Short and fast. (minus a b is a list a with all the elts of b progressively removed from it; union a b is a list a with all the elts of b progressively added to it without duplicates; both dealing with ordered, non-decreasing lists). foldr is the right fold of a list. Because it is linear this runs at ~ n^1.33, to make it run at ~ n^1.2 the tree-like folding function foldi can be used).
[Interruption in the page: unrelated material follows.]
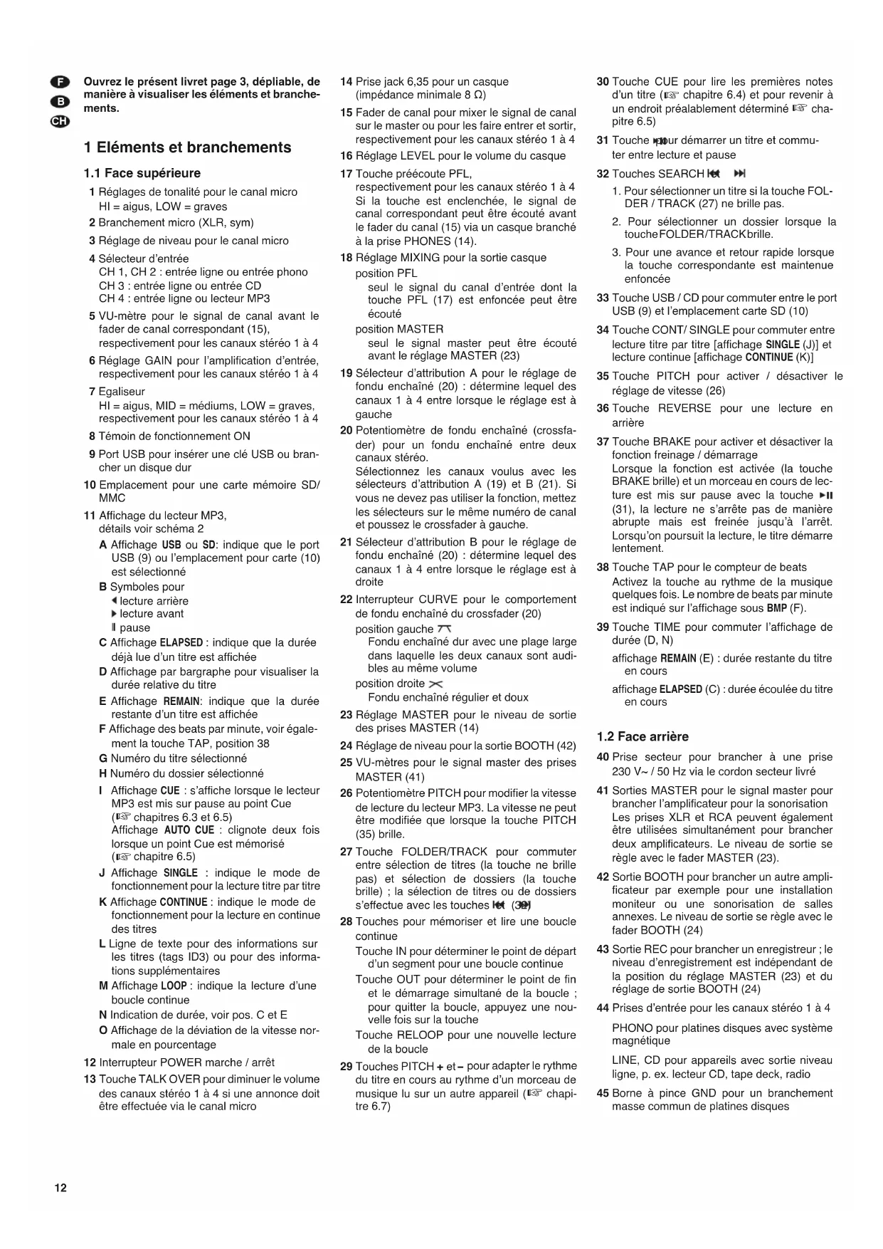 14 Prise jack 6,35 pour un casque (impédance minimale 8 Ω) 15 Fader de canal pour mixer le signal de canal sur le master ou pour les faire entrer et sortir, respectivement pour les canaux stéreo 1 à 4 16 Réglement LEVEL pour le volume du casque 17 Touche préécoute PFL, respectivement pour les canaux stéreo 1 à 4 Si la touche est enclenchée, le signal de canal correspondant peut être écouté avant le fader du canal (15) via un casque branché à la prise PHONES (14). 18 Réglement MIXING pour la sortie casque position PFL seul le signal du canal d'entrée dont la touche PFL (17) est enforcée peut être écouté position MASTER seul le signal master peut être écouté avant le réglage MASTER (23) 19 Sélecteur d'attribution A pour le réglage de fondu enchaîné (20): déterminé lequel des canaux 1 à 4 entre lorsque le réglage est à gauche 20 Potentiomètre de fondu enchaîné (crossfader) pour un fondu enchaîné entre deux canaux stéreo. Sélectionnez les canaux voulus avec les sélecteurs d'attribution A (19) et B (21). Si vous ne devez pas utiliser la fonction, mettez les sélecteurs sur le même numéro de canal et poussez le crossfader à gauche. 21 Sélecteur d'attribution B pour le réglage de fondu enchaîné (20): détermine lequel des canaux 1 à 4 entre lorsque le réglage est à droite 22 Interrupteur CURVE pour le comportement de fondu enchaîné du crossfader (20) position gauche Fondu enchaîné dur avec une plage large dans laquelle les deux canaux sont audibles au même volume position droite Fondu enchaîné régulier et doux 23 Réglement MASTER pour le niveau de sortie des prises MASTER (14) 24 Réglement de niveau pour la sortie BOOTH (42) 25 VU-mètres pour le signal master des prises MASTER (41) 26 Potentiomètre PITCH pour modifier la vitesse de lecture du lecteur MP3. La vitesse ne peut être modifiée que lorsque la touche PITCH (35) brille. 27 Touche FOLDER/TRACK pour commuter entre sélection de titres (la touche ne brille pas) et sélection de dossiers (la touche brille); la sélection de titres ou de dossiers s'effectue avec les touches (39) 28 Touches pour mémoriser et dire une boucle continue Touche IN pour déterminer le point de départ d'un segment pour une boucle continue Touche OUT pour déterminer le point de fin et le démarrage simultané de la boucle; pour quitter la boucle, appuyez une nouvelle fois sur la touche Touche RELOOP pour une nouvelle lecture de la boucle 29 Touches PITCH + et - pour adapter le rythme du titre en cours au rythme d'un morceau de musique lu sur un autre appareil (chapitre 6.7)

The answer to your second question is also a yes. Your second code, re-written in same "pseudocode",
ps = 2 : [i | i <- [3..], all ((> 0).rem i) (takeWhile ((<= i).(^2)) ps)]
is very similar to the optimal TD sieve above - both arrange for each candidate to be tested by all primes below its square root. While the sieve arranges that with a run-time sequence of postponed filters, the latter definition re-fetches the needed primes anew for each candidate. One might be faster than another depending on a compiler, but both are essentially the same.
And the third is also a yes: the sieve of Eratosthenes is better,
ps = 2 : 3 : minus [5,7..] (unionAll [[p*p, p*p+2*p..] | p <- drop 1 ps])
unionAll = foldi union' [] -- one possible implementation
union' (x:xs) ys = x : union xs ys
-- unconditionally produce first elt of the 1st arg
-- to avoid run-away access to infinite lists
It looks like it can be implemented in Scala too, judging by the similarity of other code snippets. (Though I don't know Scala). unionAll here implements tree-like folding structure (click for a picture and full code) but could also be implemented with a sliding array, working segment by segment along the streams of primes' multiples.
TL;DR: yes, yes, and yes.
FWIW, here's a real Sieve of Eratosthenes:
def sieve(n: Int) = (2 to math.sqrt(n).toInt).foldLeft((2 to n).toSet) { (ps, x) =>
if (ps(x)) ps -- (x * x to n by x)
else ps
}
Here's an infinite stream of primes using a variation on the Sieve of Eratosthenes that preserves its fundamental properties:
case class Cross(next: Int, incr: Int)
def adjustCrosses(crosses: List[Cross], current: Int) = {
crosses map {
case cross # Cross(`current`, incr) => cross copy (next = current + incr)
case unchangedCross => unchangedCross
}
}
def notPrime(crosses: List[Cross], current: Int) = crosses exists (_.next == current)
def sieve(s: Stream[Int], crosses: List[Cross]): Stream[Int] = {
val current #:: rest = s
if (notPrime(crosses, current)) sieve(rest, adjustCrosses(crosses, current))
else current #:: sieve(rest, Cross(current * current, current) :: crosses)
}
def primes = sieve(Stream from 2, Nil)
This is somewhat difficult to use, however, since each element of the Stream is composed using the crosses list, which has as many numbers as there have been primes up to a number, and it seems that, for some reason, these lists are being kept in memory for each number in the Stream.
For example, prompted by a comment, primes take 6000 contains 56993 would throw a GC exception whereas primes drop 5000 take 1000 contains 56993 would return a result rather fast on my tests.